У Миши на волосатой фанере болтался немалый крест, он говорил, что, само собой, православный, «в» Украине у него была невенчанная жена с не его ребенком, он жил с ней вахтовым методом, а также вот и Бобиньш, которого приходилось терпеть, да и приятно, собака, делает…
В сущности, Миша и Бобиньш были двумя шарами, которых загнали в одну лузу обстоятельства. А так они, эти шары, катились бы себе по жизни и катились, для людей бессмысленно, для себя праздно и празднично, безмятежные, как ветер степной.
И конечно, если б не Ваня, Бобиньш много чего бы навытворял со знакомыми сутенерами.

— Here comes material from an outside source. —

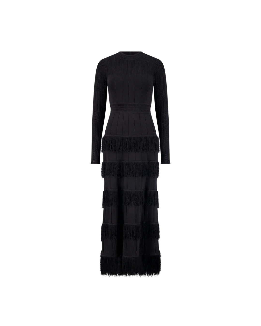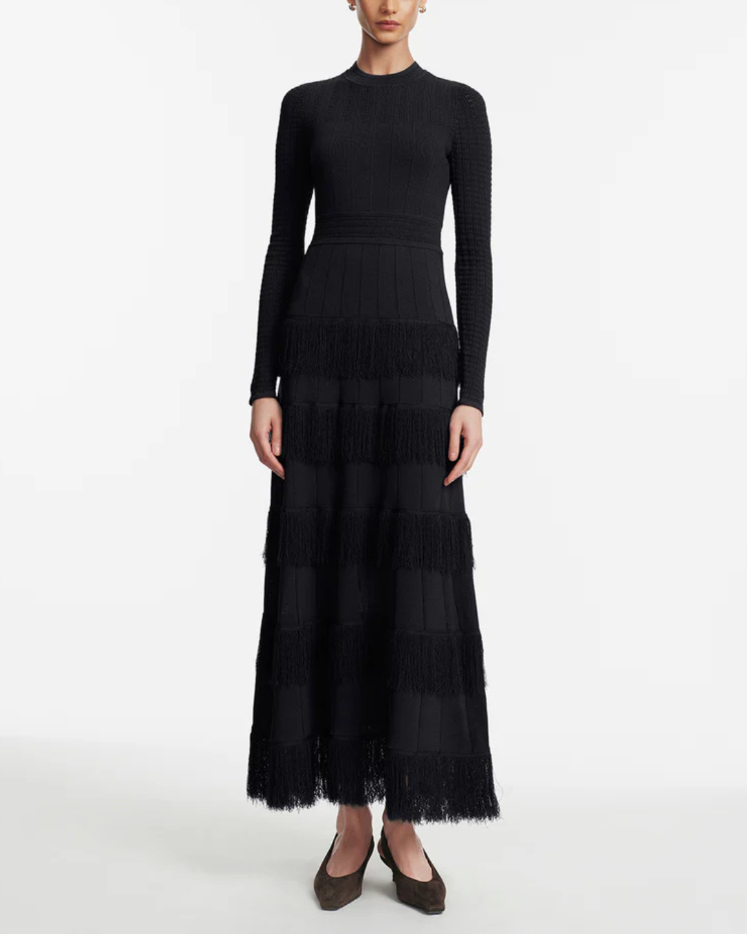 Crafted in a luxe knit fabrication, the Piper Dress features an easy fitted silhouette. A best seller year after year, this season's take on our classic knit dress features tiers of movement-forward fringe details and subtle openwork patterns inset into the knit. Effortless day-to-dinner defined.

Дремля под креслом в близкой пахучести потных Мишиных ягодиц, Бобиньш вспомнил сейчас одного, такого странного-странного, высокого и страшно худого, только что освободившегося. Его приволок к нему там, в Москве, Илья. И Бобиньш обрядился сам в робу: он хотел побыть женой этого уголовника. А уголовник хихикал, кривился, напился и стал бросаться в Бобиньша ножиком, но тут вмешался Илья, он был амбал, слава те господи, он повалил пьяного и связал, и они сняли с него трусы, и жопа у этого зека, который все трандел, что авторитет, то да се, — короче, оказалась в чертях, и верзоха с лучиками, как солнышко.
То есть, он сам был, конечно, пидар.
Илья тоже принял на грудь немало, впал вдруг в ярость и показательно отодрал негодяя в его расписной жопешник. Бобиньш сидел у подушки, на корточках. На подушке моталась голова ебомого самозванца, а Бобиньш фотал на сотовый, пока память не кончилась. Такие рожи кроил ебомый! Причем все это были маски ненависти и мщенья, почти африканские.
Илья сволок связанного куда-то потом и бросил, и хвастал даже, что обоссал. Но Бобиньш распечатал эту рожу на принтере, увесился ею и заочно влюбился, мечтательно.
Звали этого пидара Виктором Паллычем. Это он так Бобиньшу представился. Типа он солидол.
А так-то — Витя он. Короче. Виктория…
*
…Ночной лес сиял огоньками, искорками живых организмов. И только он, трупак Вострецов, мог видеть это сейчас. У живых-то иное, грубее, зрение. Все эти сияния-просверки они замечают только в страшно увеличенном виде, типа городских огней, — но это не те огни: подделка под жизнь. А живая жизнь здесь, всеми клеточками сочится светом, играет, сигналит: живая, живая я!..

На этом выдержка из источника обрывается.